## What you should do
The data below is to be transcribed word for word; pictures are to be excluded.

## Exercise materials
Segment Open
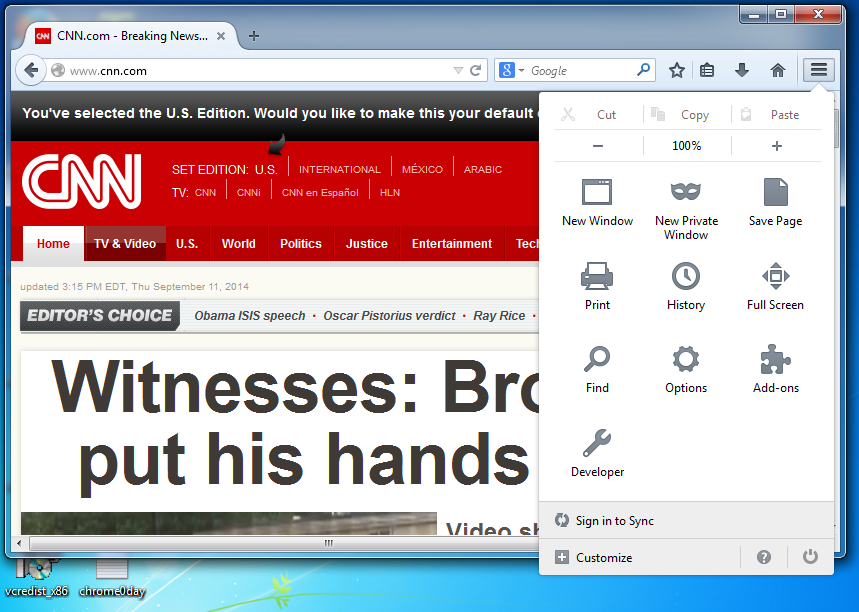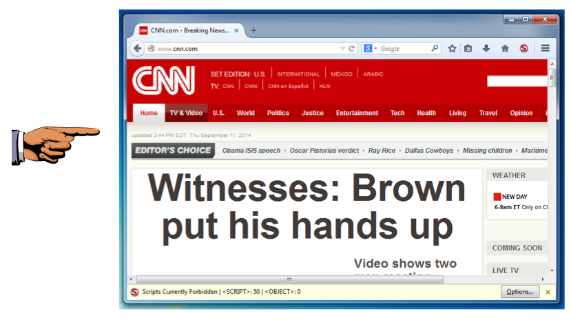 The CNN Web page opens. Some of the advertisements may now show empty boxes. A message appears at the bottom of the window saying "Scripts Currently Forbidden" as shown below.
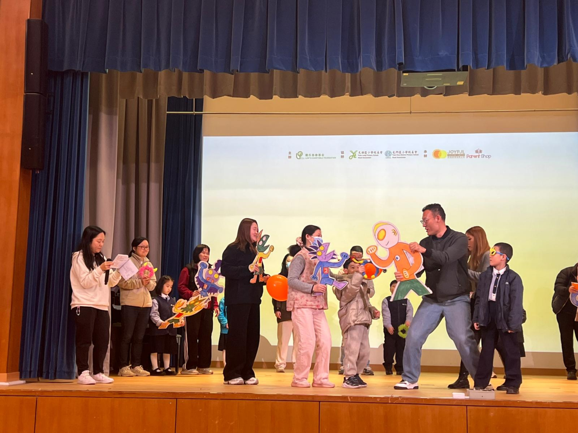 本校參加由羅氏慈善基金主辦、屯門及元朗區小學校長會協辦的「羅氏正向繪本教室」活動,日前舉行「成果分享會」,活動當日的「親子正向故事互動匯演」讓家長與子女一同透過演繹繪本,培養自信、溝通與合作精神,並共享閱讀的樂趣。
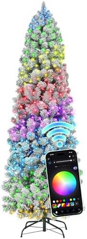View full detailsHOLLO STAR 6 ft Flocked Prelit Christmas Tree with 250 LED Lights, App Control, Skinny Artificial Pencil Christmas Tree, Multi-Color RGBW Lights, 770 Branch Tips, for Small Space, Home, Party
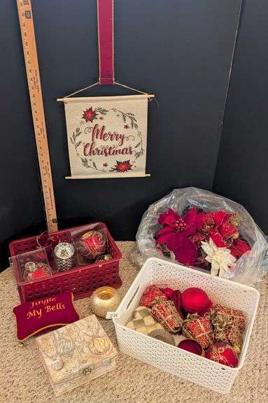 LOT 236 - Christmas ornaments, decor, and more (located in living room cabinet)
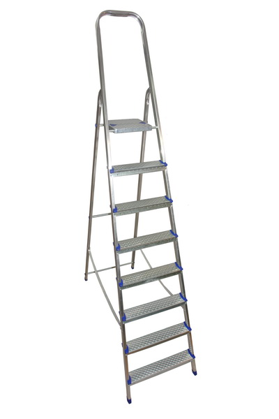 Стремянка усиленная алюминиевая с 8 алюминиевыми ступенями, размер (a-252cm; b-172cm; c-347cm; d-137,5cm; e1/e2-30/56cm), допустимая нагрузка макс. 150кг, цвет пластика - красный. Профиль размеры мм: передний профиль 40x24, задний профиль 35x24. Толщина профиля - на 8 ступ - 1,7. Толщина ступеней 1,0. Толщина верхней площадки - 0,9. В данной серии присутствует фартук для инструментов.
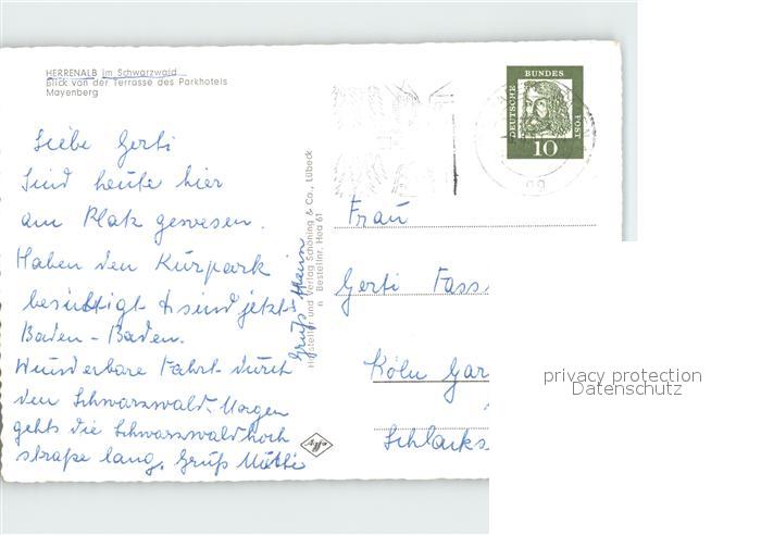 71998383 alte Postkarte Herrenalb Bad Herrenalb Mayenberg Parkhotel postalisch gelaufen Erhaltung siehe scans KatCode: 11110008235033
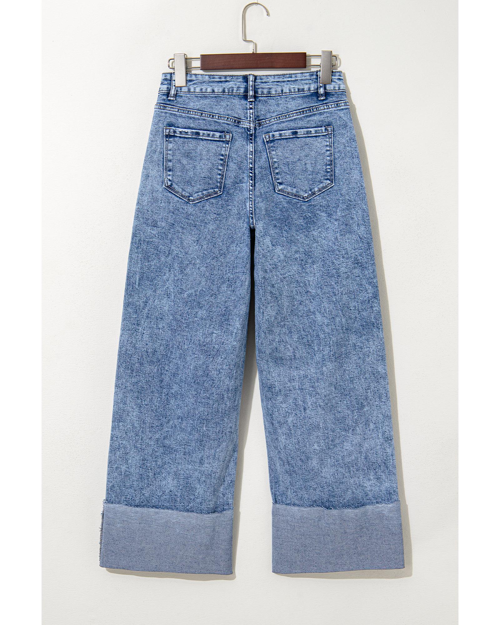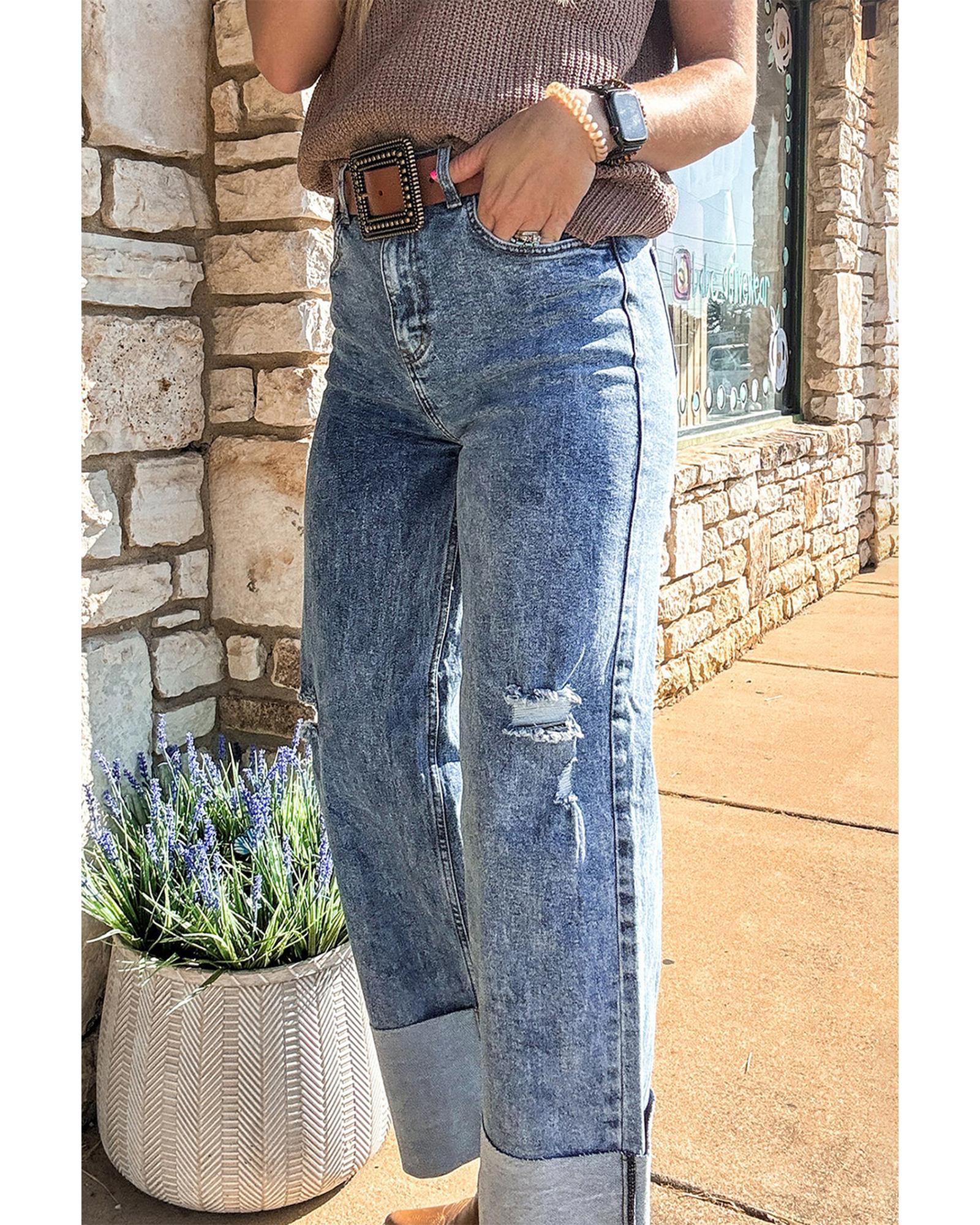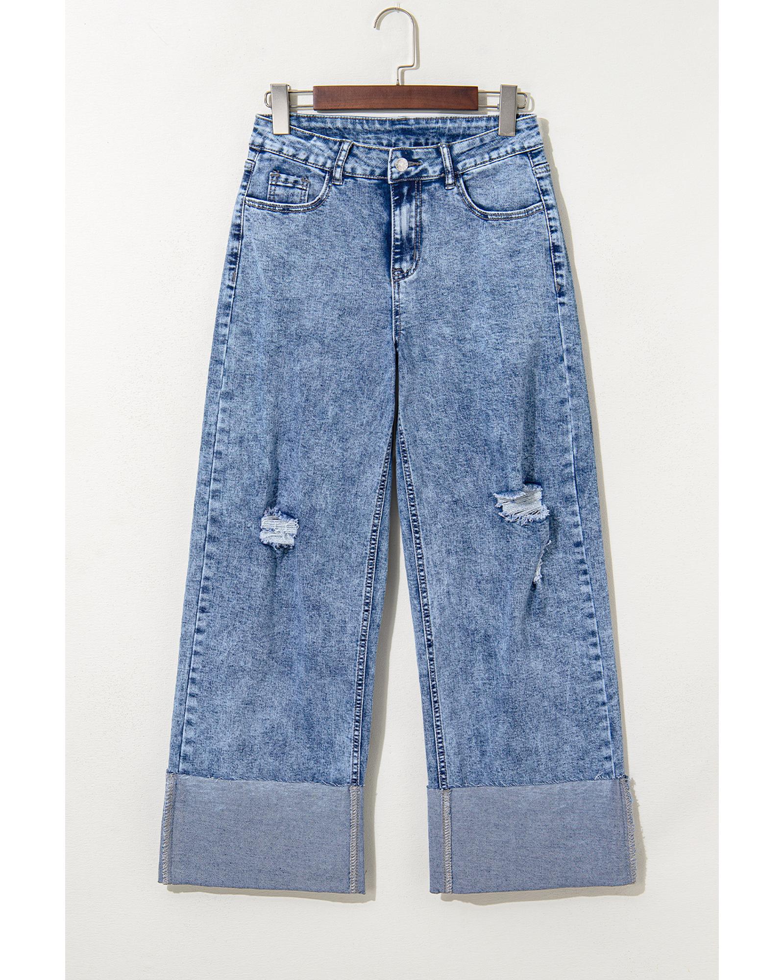 Ashleigh Blue Mineral Wash Bottom Cuff Distressed Wide Leg Jeans – 14 US
Segment Closed
## Expected output
 The CNN Web page opens. Some of the advertisements may now show empty boxes. A message appears at the bottom of the window saying "Scripts Currently Forbidden" as shown below.
 本校參加由羅氏慈善基金主辦、屯門及元朗區小學校長會協辦的「羅氏正向繪本教室」活動,日前舉行「成果分享會」,活動當日的「親子正向故事互動匯演」讓家長與子女一同透過演繹繪本,培養自信、溝通與合作精神,並共享閱讀的樂趣。
View full detailsHOLLO STAR 6 ft Flocked Prelit Christmas Tree with 250 LED Lights, App Control, Skinny Artificial Pencil Christmas Tree, Multi-Color RGBW Lights, 770 Branch Tips, for Small Space, Home, Party
 LOT 236 - Christmas ornaments, decor, and more (located in living room cabinet)
 Стремянка усиленная алюминиевая с 8 алюминиевыми ступенями, размер (a-252cm; b-172cm; c-347cm; d-137,5cm; e1/e2-30/56cm), допустимая нагрузка макс. 150кг, цвет пластика - красный. Профиль размеры мм: передний профиль 40x24, задний профиль 35x24. Толщина профиля - на 8 ступ - 1,7. Толщина ступеней 1,0. Толщина верхней площадки - 0,9. В данной серии присутствует фартук для инструментов.
 71998383 alte Postkarte Herrenalb Bad Herrenalb Mayenberg Parkhotel postalisch gelaufen Erhaltung siehe scans KatCode: 11110008235033
 Ashleigh Blue Mineral Wash Bottom Cuff Distressed Wide Leg Jeans – 14 US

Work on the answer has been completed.